Only proteins that have optimized water holding and binding capacity together with a low potassium content and high sodium content extrude smoothly to create consistent, well formed and meat like whole cuts of plant based protein. The extruded products of proteins outside of these specifications demand a much higher temperature, pressure and pH modification to denature and hydrate the pea protein. However, these products are very unfavorable in appearance and density. These flaws make it difficult to extrude pieces suitable to mimic whole meat cuts.
The tests conducted on the pea protein extrudate revealed several characteristics necessary for optimal extrusion of the pea protein. These characteristics are:

1) a water holding capacity above 35%,
2) water binding capability of above 2.5 g of water/g of sample,
3) viscosity of between about 400 centipoises (cp) to about 500 cp in the non-heated product, and
4) low buffer capacity which is driven by a high sodium content and low potassium content.

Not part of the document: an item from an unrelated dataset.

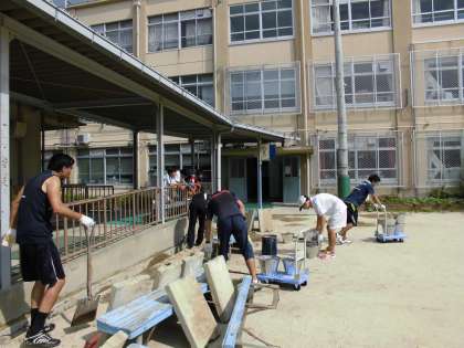 暑い中、みんな汗をかきかき奮闘しています。特に運動場の溝にたまった土をさらうのは重労働です。

The tests confirmed that specific parameters for water holding capacity, water binding capability, viscosity, and a low buffer capacity (low potassium, high sodium) are necessary for extrusion of a cohesive meaty whole cut of plant-based meat from pea protein.

Claims

We claim:

1. Pea protein powder with improved processibility by low moisture extrusion and consistency of protein comprising

a water holding capability above 35% by weight,

a water binding capability above 2.5 g of water g,

a pea protein viscosity development between about 400 and 500 cp non-heated,

a potassium content below 0.2 % by weight, and

a sodium content above 0.8% by weight.